SUPPLIED RECORDS:
◆ ◆ ◆ ◆ ◆ ◆ ◆

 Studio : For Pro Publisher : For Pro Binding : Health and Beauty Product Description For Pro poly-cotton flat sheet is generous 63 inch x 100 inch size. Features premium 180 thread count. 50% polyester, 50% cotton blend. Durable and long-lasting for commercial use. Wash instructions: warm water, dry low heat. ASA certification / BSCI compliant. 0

◆ ◆ ◆ ◆ ◆ ◆ ◆

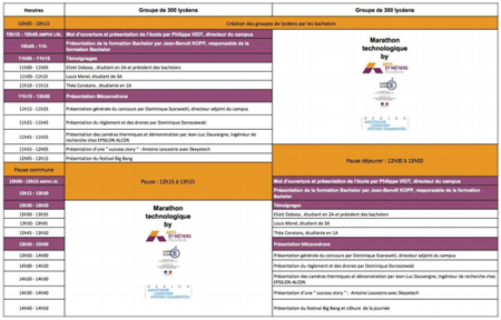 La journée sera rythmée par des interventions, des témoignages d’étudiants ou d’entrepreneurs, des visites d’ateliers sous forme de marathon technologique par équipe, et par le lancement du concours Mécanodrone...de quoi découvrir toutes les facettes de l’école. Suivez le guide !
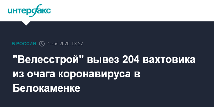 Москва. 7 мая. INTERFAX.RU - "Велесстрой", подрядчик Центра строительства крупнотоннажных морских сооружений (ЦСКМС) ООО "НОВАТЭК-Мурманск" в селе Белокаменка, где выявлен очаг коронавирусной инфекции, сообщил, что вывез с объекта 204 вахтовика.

◆ ◆ ◆ ◆ ◆ ◆ ◆

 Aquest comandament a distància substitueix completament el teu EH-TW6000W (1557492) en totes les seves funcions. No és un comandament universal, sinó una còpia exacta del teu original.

◆ ◆ ◆ ◆ ◆ ◆ ◆

PROBLEM TO WORK ON:
Word for word, write out the lines above running from the one with "La journée sera" up to and including the one with "Москва. 7 мая.". Drop any picture.

RESULT OF THIS EXERCISE:
 La journée sera rythmée par des interventions, des témoignages d’étudiants ou d’entrepreneurs, des visites d’ateliers sous forme de marathon technologique par équipe, et par le lancement du concours Mécanodrone...de quoi découvrir toutes les facettes de l’école. Suivez le guide !
 Москва. 7 мая. INTERFAX.RU - "Велесстрой", подрядчик Центра строительства крупнотоннажных морских сооружений (ЦСКМС) ООО "НОВАТЭК-Мурманск" в селе Белокаменка, где выявлен очаг коронавирусной инфекции, сообщил, что вывез с объекта 204 вахтовика.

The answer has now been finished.